Its story began just 18 years ago, when a South-East Asia-based British lawyer named Steve Hayward talked his way across the Vietnamese border on New Year's Day, 1992, hungover and in search of adventure. A tentative ceasefire had just been declared in Cambodia after years of genocide, civil war and invasion; tanks rumbled through the streets of Phnom Penh and a military curfew was imposed after 10pm, enforced by soldiers bearing AK-47s.

"It was desperately poor - the best you could get was a bloody banana - and there was a lot of unease with the withdrawal of the Vietnamese and the United Nations Transitional Authority (UNTAC) coming in," Hayward recalls. "But there was a real feel to the place, despite it being so off-bounds."

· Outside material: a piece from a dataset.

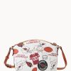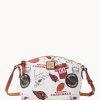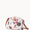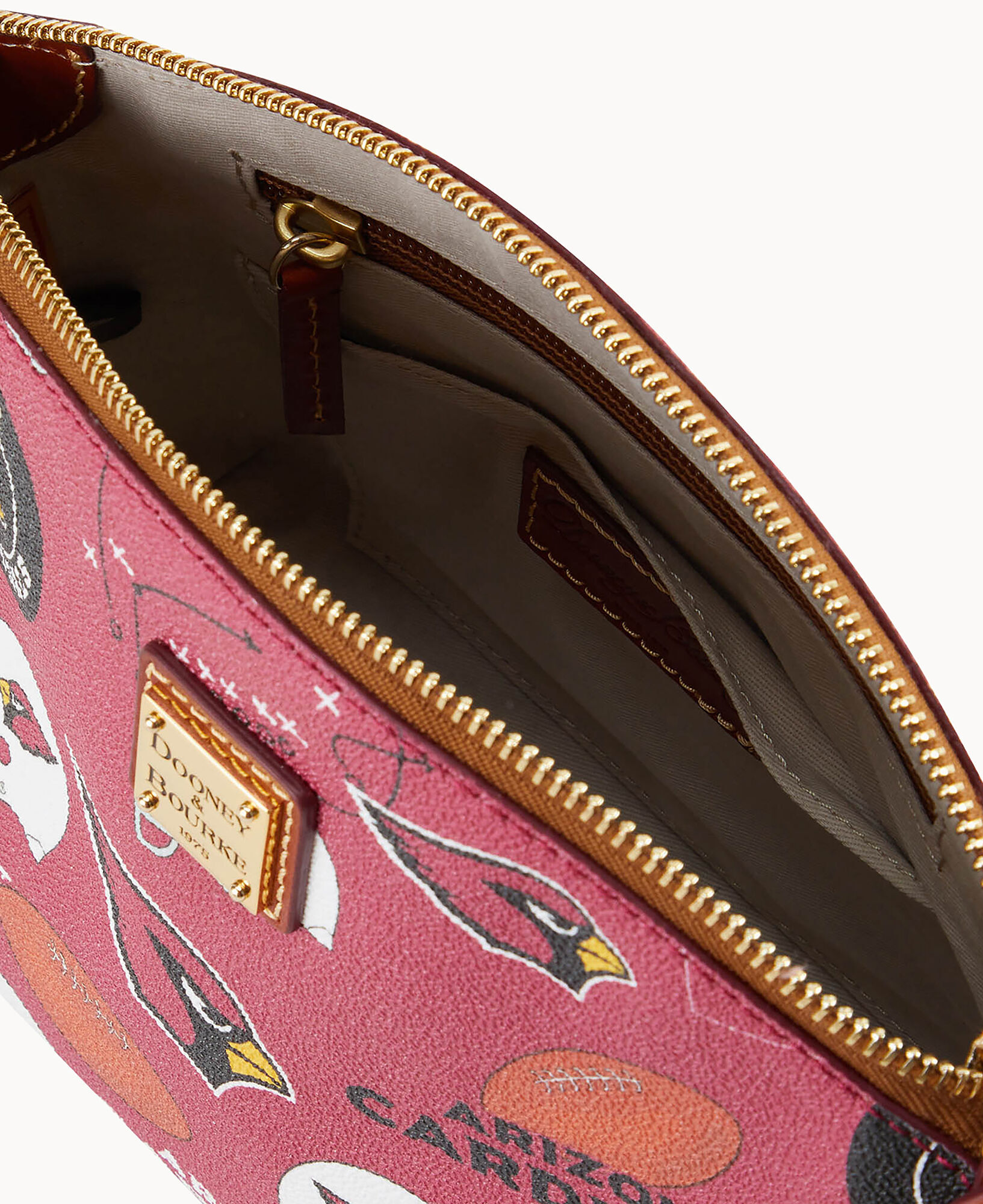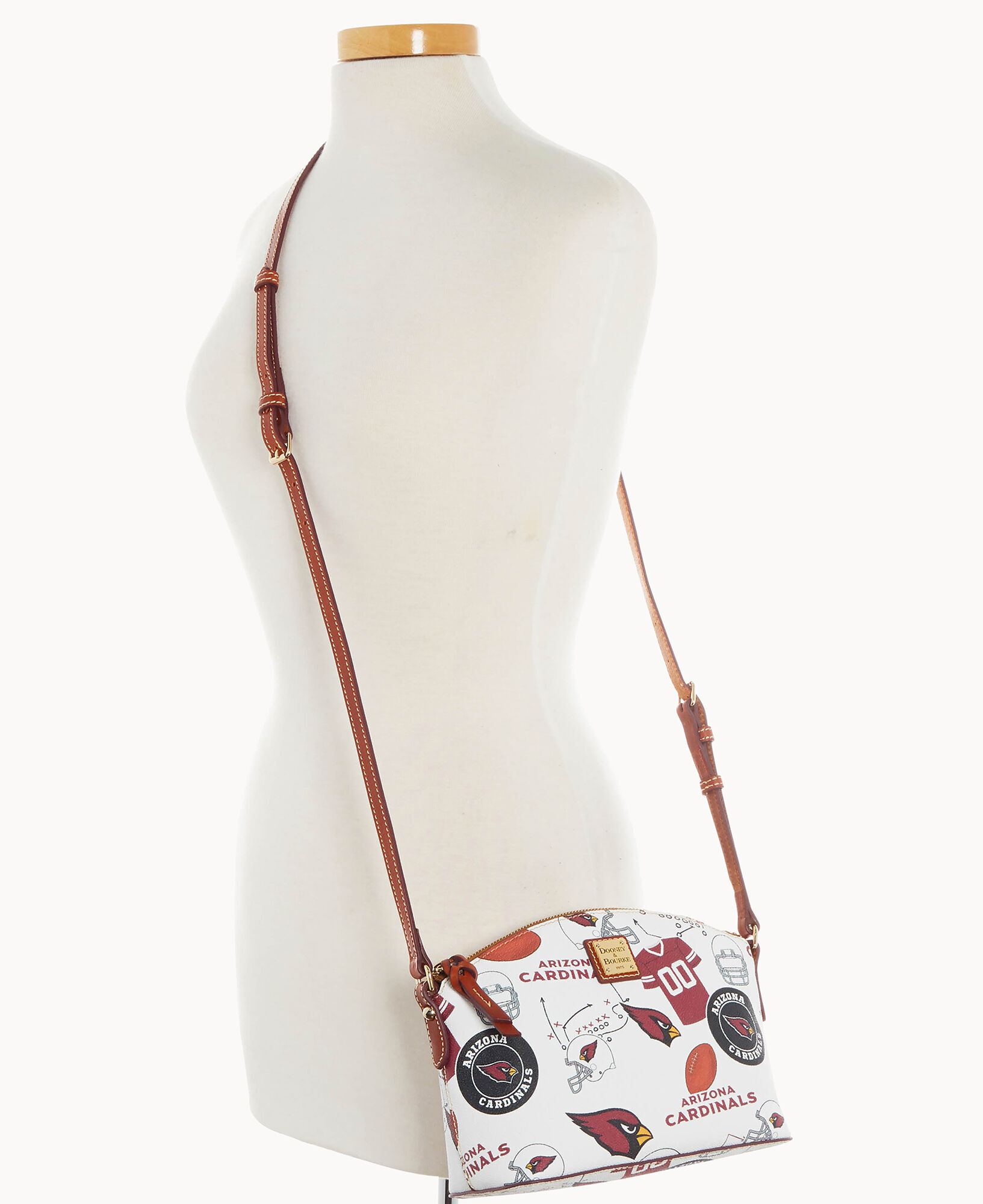Outside back pocket. One inside zip pocket. Two inside pockets. Cell phone pocket. Inside key hook. Handle drop length 7″. Adjustable shoulder strap. Strap drop length 25″. Lined. Zipper closure.

On his first day in Cambodia, Hayward met a couple of UN advance soldiers who told him there'd be 23,000 troops arriving in six months' time, each with $US100 allowance for a day. Sensing a business opportunity, Hayward went to Hong Kong and convinced a bunch of lawyer mates to invest $US5000 each. This was promptly transferred into gold and used to buy a building near the Phnom Penh Central Market called the Gecko Bar.

The first bar to open in Cambodia since 1967, from the start the Gecko became a hangout for UN officials, diplomats and of course, gin-swilling reporters; and before long it had become the de facto journalists' club. But Hayward wanted something bigger; and he found it on the riverfront at Sisowath Quay in 1993, then a no-go zone of "thieves, vagabonds and worse".

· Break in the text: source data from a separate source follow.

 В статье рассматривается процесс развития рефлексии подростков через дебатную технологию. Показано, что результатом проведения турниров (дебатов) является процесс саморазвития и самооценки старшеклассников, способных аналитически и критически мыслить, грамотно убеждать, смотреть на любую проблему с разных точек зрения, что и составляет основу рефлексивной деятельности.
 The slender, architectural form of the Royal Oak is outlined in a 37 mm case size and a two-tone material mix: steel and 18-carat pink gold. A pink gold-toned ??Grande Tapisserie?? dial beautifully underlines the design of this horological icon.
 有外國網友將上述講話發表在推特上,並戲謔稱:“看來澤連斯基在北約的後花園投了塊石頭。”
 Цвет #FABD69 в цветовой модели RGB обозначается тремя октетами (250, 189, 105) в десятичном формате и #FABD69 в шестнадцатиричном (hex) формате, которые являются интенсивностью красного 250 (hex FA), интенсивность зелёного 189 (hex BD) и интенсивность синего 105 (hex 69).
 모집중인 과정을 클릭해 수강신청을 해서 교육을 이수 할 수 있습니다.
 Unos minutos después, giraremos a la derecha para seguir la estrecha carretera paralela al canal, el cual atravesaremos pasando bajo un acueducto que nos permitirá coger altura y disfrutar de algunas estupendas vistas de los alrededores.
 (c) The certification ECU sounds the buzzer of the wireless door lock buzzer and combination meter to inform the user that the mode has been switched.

"The river was a place you'd never come at night - it was scary. In those days, there was nothing but warehouses and Chinese emporiums - big houses faced the palace out of respect and no one thought of the river as a great view. Only some goon from London."

And so the FCC was born; five individual units were bashed into one and gradually expanded into what it is today, consisting of nine guest rooms, a restaurant, bar, terrace and cafe.

Expats flocked to the place; and as Pol Pot took his final stand in the jungle, so journalists filed breaking stories from the "F", including Nate Thayer, the correspondent for the Far Eastern Economic Review, who famously scored the last interview with the elusive Khmer Rouge dictator.

Thayer, it is rumoured, had a penchant for randomly shooting automatic weapons from tall buildings - as did several other regulars at the FCC. According to Hayward, many a bullet was fired from the balustrade in those early days, fuelled by alcohol and the frontier spirit that permeated the city. This was the wild, wild east - but in a lawless city where kidnapping, assassinations, rapes and theft were rife, the "F" was a haven of relative sanity and probably the safest place to be.

"It's an oasis in Indochina," Hayward says. "People think the place has been here for years. I've read some brilliant stories of people saying they'd stood here watching American warplanes fly over - that certainly never happened. And some people say Ernest Hemingway came here, but that's impossible. I'm sure he would have if he could have, but he didn't because the bar wasn't even open then!"

TRIP NOTES:

The FCC Phnom Penh is open 365 days a year, from 7am until whenever management chooses to close. Happy hour is from 5-7pm, when drinks are half price.

The restaurant serves awesome woodfired pizza and nine hotel rooms are available.